Go a step back and look at the Newtonian case first. In Newtonian physics space is completely independend of anything physically happen. That's Newon's absolute space. As you well know that doesn't imply that nothing happens at all but we nicely describe all kinds of motions of bodies within Newtonian mechanics, and indeed you can solve the two-body Kepler problem (two point particles being interacting via the Newtonian gravitational force) exactly. The answer is that both bodies run on ellipses around their common center of mass, which is in one focus of each of these two ellipses.

In GR you cannot solve this problem exactly anymore, but for the bodies in our solar system you can (in both the Newtonian calculation and in GR) approximate the description by assuming that the Sun is at rest, because it's so much heavier than any planet in our solar system. Then the GR (approximate) solution is as follows

(a) solve for the Einstein-Hilbert field equations for a spherically symmetric body outside of this body. The result is that you necessarily have a static spacetime given by the Schwarzschild solution.

(b) describe the motion of the planet around the Sun as the motion of a "test particle" in this given fixed static spacetime. You get something very close to a Kepler ellipse with the Sun in one of its foci. The most famous GR effect is that you don't have an exact ellipse but that the perihelion is very slowly rotating in the same sense as the planet moves on its orbit. For mercury this GR perihelion shift is about 43'' per century.

(c) if you now are very accurate then you consider that there's also gravitational-wave radiation due to the motion of the planet around the Sun, and thus the planet looses energy, which implies that the orbit gets smaller with time. For the case of a planet aroudn the Sun that's however unobservable, because it's very tiny.

It can, however, be observed by "pulsar timing", i.e., observing a binary-star system orbiting around each other. In fact the predicted energy loss due to emission of gravitational waves was observed in this way, providing the first (indirect) evidence for the existence of gravitational waves:

https://en.wikipedia.org/wiki/Hulse–Taylor_binary

Note hat in this case you have to take into account the motion as a two-body problem, which cannot be exactly solved within GR. So you have to use approximations, and here a Newtonian approximation with systematic relativistic corrections (in the spirit of the socalled post-Newtonian parametric formalism) is necessary.

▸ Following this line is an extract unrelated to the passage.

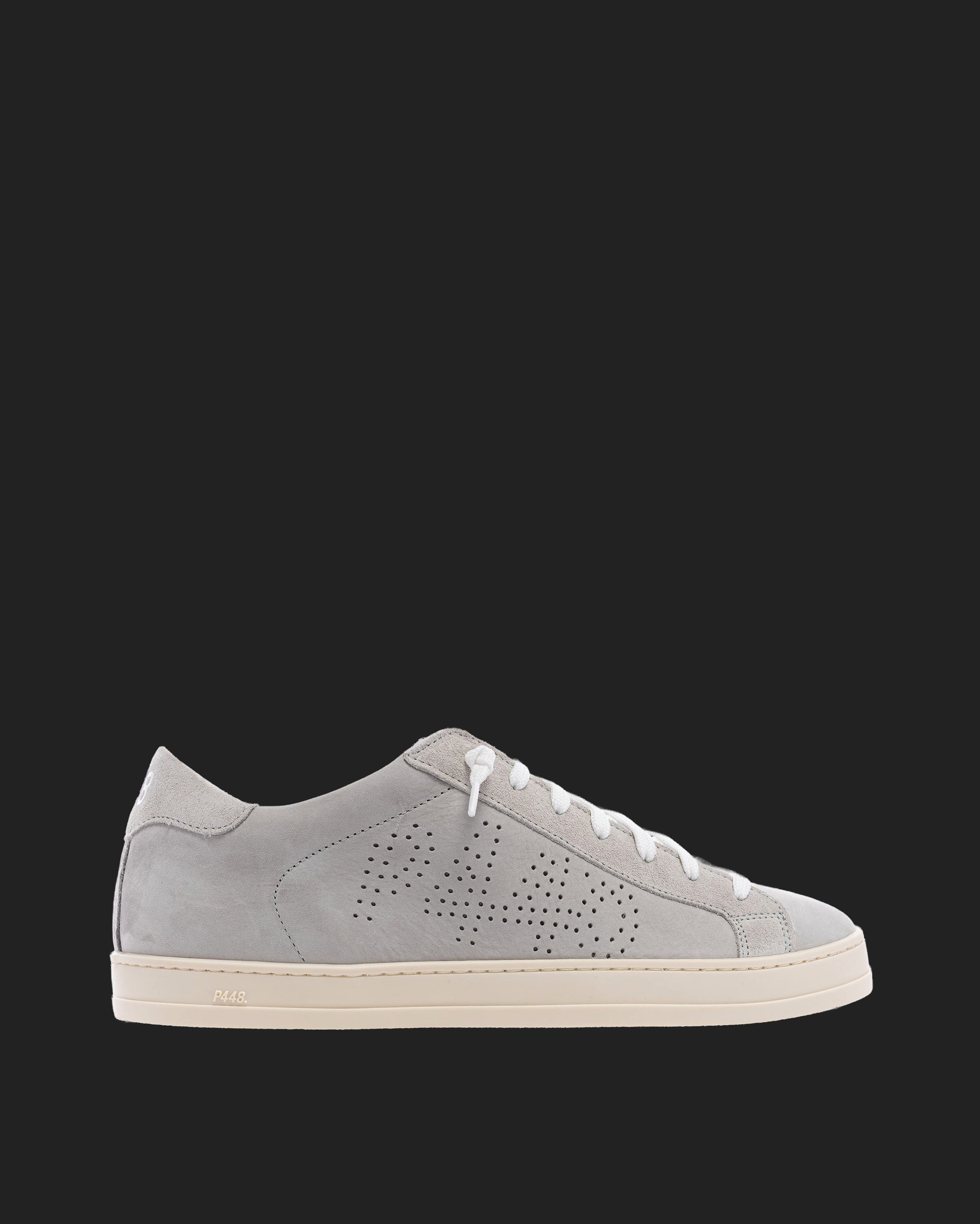 The John Green features a white leather upper with a perforated P448 logo, accented by a green suede tongue and...

Today pulsar timing is among the most accurate tests of general relativity, confirming the GR values for the post-Newtonian parameters at pretty high order with high accuracy.

James1238765 said:
But nothing moves in the Schwarzchild metric. Inserting a ##t## velocity with ##\Delta s##, the test particle will move, but the bodies generating the curvature itself will not move. Why is this? Because the metric is not dependent on time. A more enlightened metric that changes the ##\Gamma## values over time might be able to encode this gravitational pull between two objects.
I hope the above has made clear that in static spacetimes such as Newtonian spacetime, SR spacetime, or the Schwarzschild spacetime of GR, of course you can describe the motion of objects, and these objects are not doomed to be frozen forever at rest. How do you come to such an idea although in classical mechanics you are taught from the high-school level on how to calculate the motion of bodies under the influence of all kinds of forces?
James1238765 said:
But because the solutions we have such as Schwarzchild are not ##t## dependent, this is why the picture is frozen. Thus we need to resort to other methods like Newton's gravity to "update" the positions outside of GR. One may endlessly discuss conceptually whether time is really a dimension or a consecutive rendering of frames, but I would rather calculate and not go into this.
No. As I tried to explain above, you can exactly solve the motion of test bodies (or even massless particles describing the propagation of light in the geometrical-optics approximation) in the given Schwarzschild spacetime. These calculations provided the first predictions for tests of GR:

-perihelion shift of mercury: besides the mach larger perihelion shifts due to the disturbance by other heavenly bodies and the deviation of the gravitational field of the Sun from an exactly spherically symmetric one, which were all well understood already in the 19th century and it was known for a long time that the said 43'' per century perihelion shift could not be explained, and it was finally explained by GR as demonstrated by Einstein in 1915/1916 in his first papers about the final version of GR.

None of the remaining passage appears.